Trust Unlimited - page 2
Affero Helps Open Source Developers Take Online Reputations With Them
LP: For sites that already have reputation systems, Advogato and Slashdot for example, what do they think of what you're doing?
Poole: I haven't had any conversations with the folks at Slashdot, but I've had several conversations with Raph [Levien] at Advogato. He doesn't see much redundancy at all. In fact, we're looking at using his trust metric. He's got software that he's working on to do the trust calculations, and we're actually interested in using that software for the calculation of our trust graphs. In terms of integrating, he sees a natural fit. He has a specific community, but there are a lot of people that they don't touch. And because we're agnostic, there are a lot of people in forums that actually develop reputations and no one sees them when they move out. So those people might have worthy things to say, but there's no way to let them interact, because they haven't developed a reputation locally. It's like if you spent 20 years developing a reputation in some community and you're very trustworthy--when you make promises to people, you follow through on them--and you move from one town to another. What do you do?

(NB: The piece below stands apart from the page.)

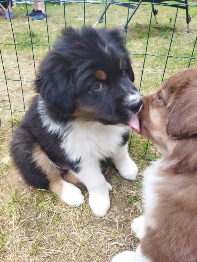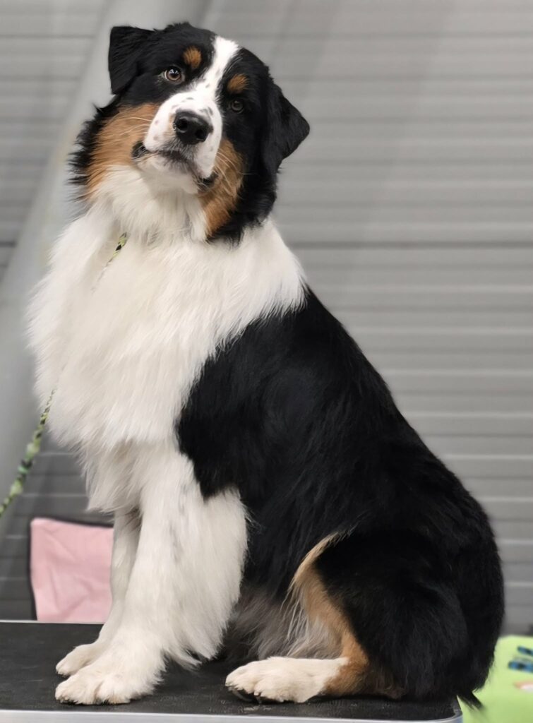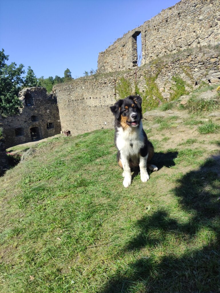 Miunka se narodila 24. 2. 2024. Je to svéhlavá holčička, která si myslí, že bude vše po jejím. Ale když se jí člověk věnuje…jen jí….je milionová a funguje na jedničku. Je sportovní typ psa, ráda běhá, skáče, miluje házecí kroužek, který je jen její. Je to taková „maminka a organizátorka“ všech. Když se jí nelíbí, co dělají ostatní psi ve smečce nebo kočičky doma, jde jim to opravdu nahlas vysvětlit. Má ráda všechna mláďátka, přijala velmi hezky naše dvě koťata, ráda se chodí koukat na naše slepičky a na výstavních trénincích je jako divá po štěňatech, která s námi v hodině trénují. Je to naše vysněná princezna, kterou jsme si moc přáli a vlastně si ji vymodlili, jelikož v jejím vrhu byla jediná merle fenka s dlouhým ocáskem. Také cestuje v pohodě a kromě výletů na výstavy a pobytů v penzionech byla s námi a s Farynkem v Chorvatsku u moře. Všechny testy (oči, klouby, genetika) má v pořádku – viz příloha.

There's certainly a lot of need for that. If you look at the big things happening right now, blogs are huge. But in the media space you've got this consolidation going on, which is completely destructive to democracy, because without an informed public you can't make the right decisions when you vote. Really the only thing that's listened to is money, and money is listened to because it helps somebody in campaign time, because it's used to control messages and get people to act by getting messages in through this consolidated media that's harder and harder to get into.
Because of the Net, and because of the number of people who are using the Internet on a daily basis, you've got this ability to have an alternate media that's a media of the people. And with blogs, you've got millions and millions of people's pages, and they're basically keeping news alive that they want to see alive. When Trent Lott exposes himself as a racist, it doesn't die anymore.
LP: So you see a reputation system as an important part of creating trusted, alternative sources of information?
Poole: It's essential to it. In order to enable the kind of social organizing that's possible with current technologies--people are mobilizing on the streets all around the world to demonstrate against their governments' policies, and the way they do that is they have these social networks that they connect with. And it's difficult to get beyond your one degree in your social network. You can't tap into the social network of your friend that you trust implicitly. If you could, then you could go two or three degrees out and tap into networks of your friends, there's amazing power there to do social change and to create a more participatory democracy, which is what I'd like
LP: So in the open source world, then, what would you like the ultimate benefit of Affero to be?
Poole: In the Free Software community there are people that just use the software and don't reciprocate--that don't offer the software to their friends and don't offer patches or support. I think that they would like to reciprocate, frankly. It makes me feel good to give money to somebody that's helped me because it reduces the debt that I feel in my heart. But there's not a real culture to do that, at this point, and I think that there could be, and I think that there should be. I think that people ought to donate more money to the Free Software Foundation, and I think that people are willing to do that; I just don't think that it's very easy to do so. Big global businesses are good at getting into your pockets.
LP: Free Software developers aren't, necessarily.
Poole: No they're not. In fact, a lot of them believe that profit is bad for some reason. They don't know why.
LP: You were recently appointed to the board of the Free Software Foundation, are you introducing them to the idea that profit is good?
Poole: Maybe I'm putting some light on it and saying that this is not a bad thing. I think that they are recognizing it. The foundation has done a lot in the last year and a half to strengthen their financial position.
LP: What have they done, exactly?
Poole: Well the first thing is they hired somebody to focus on it over a year ago. There have been fundraising events, we've also launched an associates membership program, which has been extremely successful. I think there are over 800 people who have signed up as yearly donors since December. That's a big gain for the foundation.
LP: What is that money being used for?
Poole: It's being used to not dip into savings, for one thing. The Foundation had some savings from the good years and the financial markets, but it was getting tight last summer, just because the amount of donations weren't coming in. That's just turned around because of these programs.
Part of the money needs to go into a legal defense fund. We need a significant amount of capital for that. I couldn't understate the importance of having a large amount of capital in the bank to fight legal challenges.
LP: How much do you need?
Poole: I wouldn't even know how to guess. It's in the millions. This is a dangerous time. We've got threats coming from the government. The laws have been changed. The laws are coming from the people down in Hollywood to keep Free Software from delivering content. GNU Radio announcers demoed a couple of weeks ago a HDTV broadcast--you could actually get a movie over your computer on GNU Radio. That's completely outside what's coming from the folks in Redmond. We're nervous about being attacked.